In this final article of the series, we summarize the important results obtained when modeling the XV-15 isolated rotor in various configurations using Blade Element Theory (BET).

Model specifics

Before we move on to the results, let us briefly summarize a few key aspects of the simulations. The simulations were run in three modes as described in Table 1. In the Airplane mode, the propellers face forward, while in the Hover mode they are oriented facing up. For the Helicopter mode, the propellers are slightly tilted, providing lift as well as thrust.

Two meshes were used to generate the results, one for the propeller and hovering condition, and another for the helicopter condition. The helicopter configuration involves more complex physics; therefore we generated a larger mesh refined near the rotor to better resolve the wake and the blade-vortex interactions (in BET Line mode).

The lift and drag polars for the airfoil sections of the propellers were predicted using XFOIL assuming a chord Reynolds number of 5 million.

Table 1: Key parameters of the simulations in different modes. Mtip is the propeller tip Mach number, Re is the blade-chord Reynolds number, θ75 is the blade pitch at 75 percent radius, is the angle of attack, 𝜇 is the advance ratio, and ‘nodes’ are the number of nodes employed in the associated computational meshes.
Hover Helicopter  Airplane  
Mtip 0.69 0.69 0.54
Re 4.95e6 5.65e6 4.50e6
θ75 0°, 3°, 5°, 10°, 13°       2° to 10°       26°, 27°, 28°, 28.8°
- -5°, 0°, 5° -90°
𝜇 - 0.170 0.337
nodes 2.3M 4.1M 2.3M

Effect of mesh refinement

We begin by performing a mesh refinement study. The results obtained from the BET Disk model at various mesh resolutions are compared against the DES results in Figure 1.

Behavior of total and sectional thrust for different mesh sizes

Figure 1: Behavior of total and sectional thrust for different mesh sizes.

The data shows that the thrust is relatively insensitive to the mesh coarseness. There is a 0.6% difference in the converged thrust between the finest and coarsest mesh. Furthermore, in the right panel, the 592K node grid shows little difference in loading compared to the finer mesh. However, we decided to run all cases using the finest grid since each case only requires a few minutes of runtime due to the speed of Flow360.

Airplane mode

Let us first discuss the Airplane mode where the blades are tilted fully forward. This should be the easiest operating condition to accurately simulate since in contrast with hover there is no blade and tip-vortex direct interaction.

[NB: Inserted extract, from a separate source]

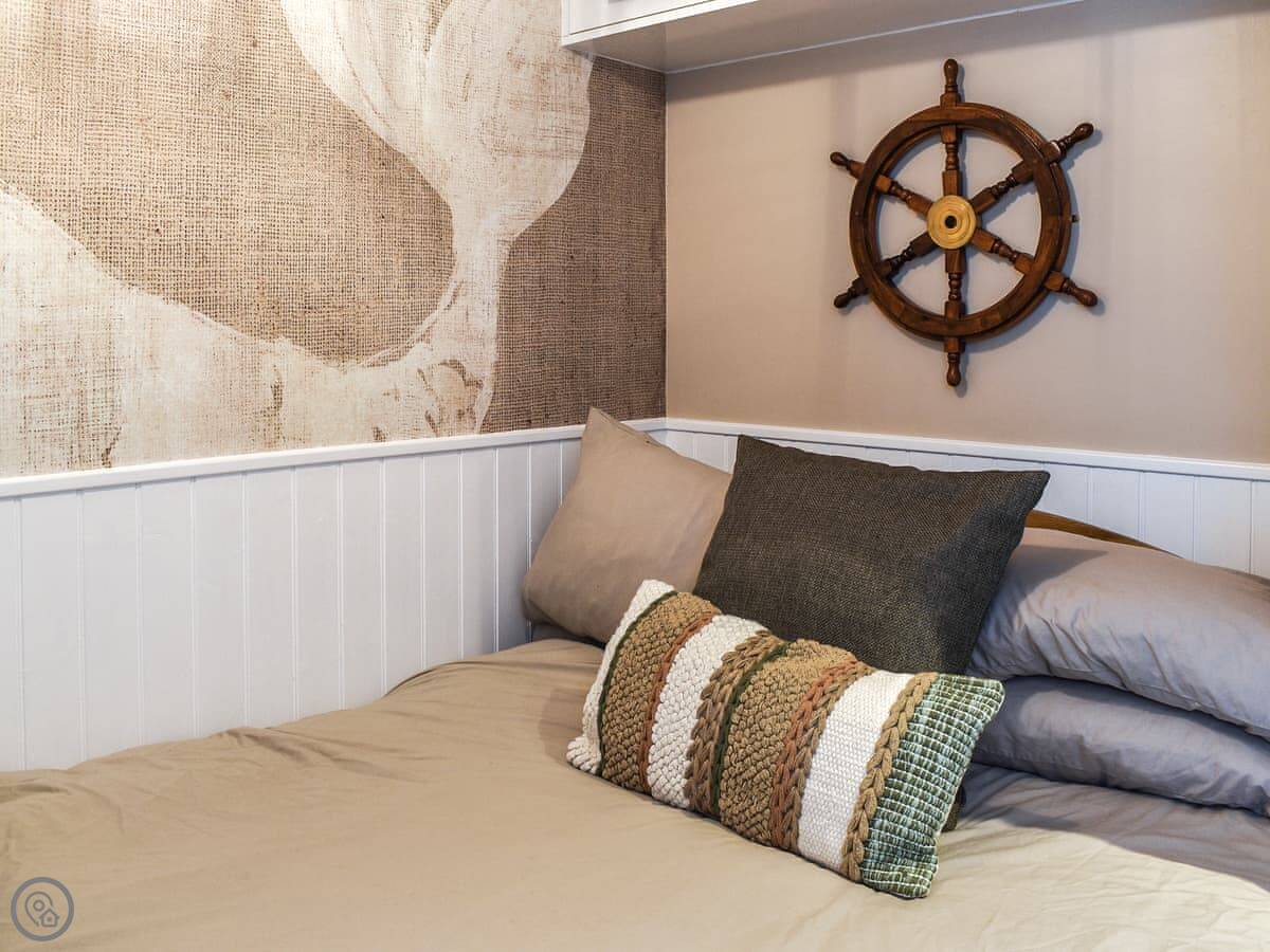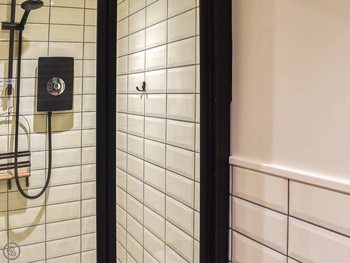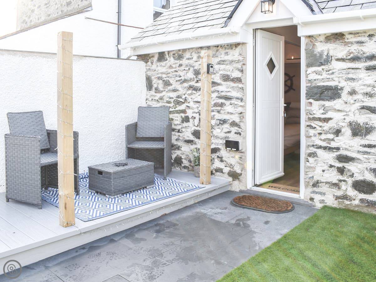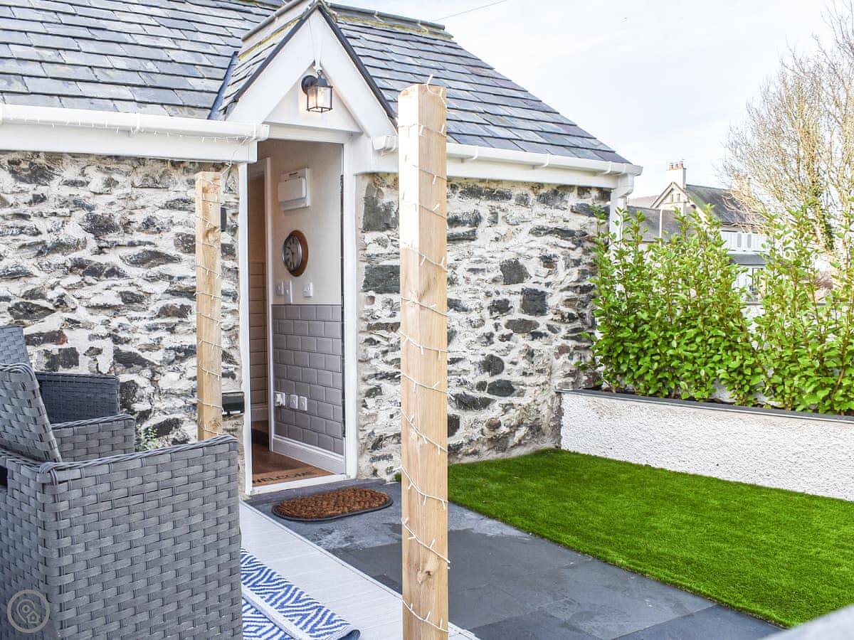 The main space is open plan. You've got the bed in one corner and a small kitchen in the other. The shower room is separate and modern. The patio and garden are enclosed, which is useful with a dog.

We compute the steady-state solution using the BET Disk method, and use the BET Line method to compute the transient solution. The BET Disk simulations typically converge within 600 pseudo steps. The BET Line simulation is run for 10 revolutions, with a time step corresponding to two degrees per step. The forces stabilized well after 10 revolutions. Figure 2 shows the torque coefficient, CQ, and propulsive efficiency, η, as a function of thrust coefficient, CT.

We compute the steady-state solution using the BET Disk method, and use the BET Line method to compute the transient solution

Figure 2: Behavior of CQ and η as a function of the thrust coefficient CQ. The four points for each model are calculated at θ75 of 26°, 27°, 28°, 28.8°.

The data shows good agreement between both BET models as compared to the high-fidelity DES results. The BET Disk method slightly over-predicts both thrust and torque compared to the DES, whereas the BET Line method under-predicts both thrust and torque. Furthermore, the BET Disk method over-predicts efficiency, η, compared to both experiment and DES, while the BET Line method predicts efficiency between the experiment and DES. All modeling approaches generally align with trending of the experimental results.

Figure 3 shows the sectional thrust loading for all pitch conditions simulated in airplane mode.

Behavior of sectional thrust and torque loading for different cases in Airplane mode

Figure 3: Behavior of sectional thrust and torque loading for different cases in Airplane mode.

The steady-state BET Disk method severely over-predicts the thrust loading near the tip, whereas the transient BET Line method tends to under-predict the thrust loading in the mid-blade region compared to DES. A similar trend persists in the case of the torque loading. The BET Disk issue is plausibly due to its failure to incorporate the tip vortex of the preceding blade, as seen in a figure from Part 2. That vorticity is instead represented simply by an axisymmetric vortex sheet.

Hovering mode

The hovering flight condition presents even more of a challenge for lower-fidelity methods, since there are often blade-vortex interactions and highly three-dimensional effects. Figure 4 shows the variation of Figure-of-Merit (FoM), calculated as a ratio of (CT)3/2 and CQ√2, as a function of CT for the hovering condition.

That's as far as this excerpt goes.